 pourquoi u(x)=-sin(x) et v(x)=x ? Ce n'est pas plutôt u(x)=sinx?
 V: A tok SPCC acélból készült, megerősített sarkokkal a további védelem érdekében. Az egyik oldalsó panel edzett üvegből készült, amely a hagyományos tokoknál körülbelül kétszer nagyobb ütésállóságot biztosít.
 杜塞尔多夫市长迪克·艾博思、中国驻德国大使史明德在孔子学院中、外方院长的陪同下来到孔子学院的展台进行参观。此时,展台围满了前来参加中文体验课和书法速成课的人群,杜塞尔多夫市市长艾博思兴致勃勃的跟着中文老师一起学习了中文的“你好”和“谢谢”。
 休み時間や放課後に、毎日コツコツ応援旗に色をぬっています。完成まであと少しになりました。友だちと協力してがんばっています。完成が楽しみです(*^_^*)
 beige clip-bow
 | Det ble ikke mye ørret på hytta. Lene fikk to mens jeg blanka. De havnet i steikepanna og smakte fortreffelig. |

----

## [TASK DETAILS]
Return, unchanged, the run of lines above that opens with the line containing "V: A tok SPCC" and closes with the line containing "beige clip-bow". Include both.

## [SOLUTION FOR THIS TASK]
 V: A tok SPCC acélból készült, megerősített sarkokkal a további védelem érdekében. Az egyik oldalsó panel edzett üvegből készült, amely a hagyományos tokoknál körülbelül kétszer nagyobb ütésállóságot biztosít.
 杜塞尔多夫市长迪克·艾博思、中国驻德国大使史明德在孔子学院中、外方院长的陪同下来到孔子学院的展台进行参观。此时,展台围满了前来参加中文体验课和书法速成课的人群,杜塞尔多夫市市长艾博思兴致勃勃的跟着中文老师一起学习了中文的“你好”和“谢谢”。
 休み時間や放課後に、毎日コツコツ応援旗に色をぬっています。完成まであと少しになりました。友だちと協力してがんばっています。完成が楽しみです(*^_^*)
 beige clip-bow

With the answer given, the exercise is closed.